This was only my second time to the Midwest. (The first time was for a Greek wedding in Cleveland, which was a total blast.)

One thing I knew about the Midwest was that they play a card game called Euchre. I knew this because Euchre was one of the first games we put on When I asked, “Why are we doing a game I’ve never heard of?” the answer was, “They play it a lot in the Midwest.”

I must have turned up my nose at that because I never did end up playing Euchre on pogo.

Brenda and Eddie’s house is in the upper peninsula of Northern Michigan … on a lake. So it’s impossible not to think of the currently popular Kid Rock song about summertime in Northern Michigan – the one where he’s “smoking funny things” and “making love out by the lake.”

I didn’t smoke funny things.

I didn’t make love out by the lake.

But I did play one heck of a lot of Euchre.

John and I were partners. Eddie and Mike were our opponents. Brenda and Sara were annoyed. (We played a bit too much.)

Other activities included boat rides, fishing with JoJo, bocci on the lawn, teaching JoJo how to shoot a pellet gun, beer pong, and the wearing of funny hats. There was also a tinge of drinking.

One day Sara spent the entire day taking pictures of Desaree for her high school senior picture. They did photo shoots on the grass, the beach, the hammock, and various other places throughout the yard. I know that they spent the whole day doing this because I could see them in the corner of my eye while I was playing Euchre.

Mr. K had a great time and was well-behaved.

Mr. K was Brenda’s name for Kettle.

Kettle was not the only dog. The Breddies have a German Shorthaired Pointer named Daisy who would spend roughly 8 hours a day tromping through the lake looking for fish. They also have a Shitzu named Gerdy who sits around and looks fancy. In fact they call her “Fancy” more than “Gerdy.”

Kettle didn’t search for fish – alas, he wouldn’t even go in the lake. And he never looked fancy – quite the opposite, he could usually be found lying in a hole he dug in the sand to keep cool. But he enjoyed being around people he knew, especially Mike, and the large sloping grass backyard made for a great play area.

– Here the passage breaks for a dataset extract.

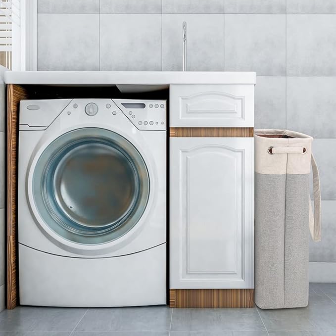 i BKGOO Laundry Basket with Handles Beige&Silver Slim Laundry Bin Collapsible Dirty Clothes Basket Narrow Laundry Bag Foldable Dirty Hamper for Camping, Dorms, Apartments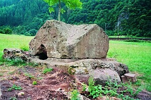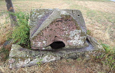 Auf einer Wiese findet man die Spuren eines römischen Begräbnisplatzes.Man sieht einen Sandsteinblock in dem eine Öffnung eingetieft worden ist, zur Aufnahme von Bestattungen.Die vier Kanten sind abgeschlagen, bis über die Mitte ausgerundet und scheinen so der Oberfläche die Form eines Kreuzes zu geben.Der Stein auf dem sich heute nur noch eine schwer lesbarer Schrift befindet ist mit Rinnen versehen.

Joe and Patty had just completed their home at the neighboring lake, after working on it for 4 years. Joe drove me over with his quad and gave me a tour of the house and the area.

Located just 40 miles south of Canada, this wooded area with several small lakes used to be a vacation spot for the car industry big wigs in Detroit. Joe and Patty’s house was impressive. It was built using SIP construction. That stands for Structural Insulated Panels. The walls are made with panels that are about a foot thick and filled with foam, so the house is super insulated. Half logs were then put on the outside so the house looks like a log cabin. Joe and Patty did all the finish work themselves.

Joe was so friendly and proud of his home that I had the warm fuzzies throughout the tour.

And the brunch that Patty served us all at their house the next morning took the warm fuzzy thing to a whole new level.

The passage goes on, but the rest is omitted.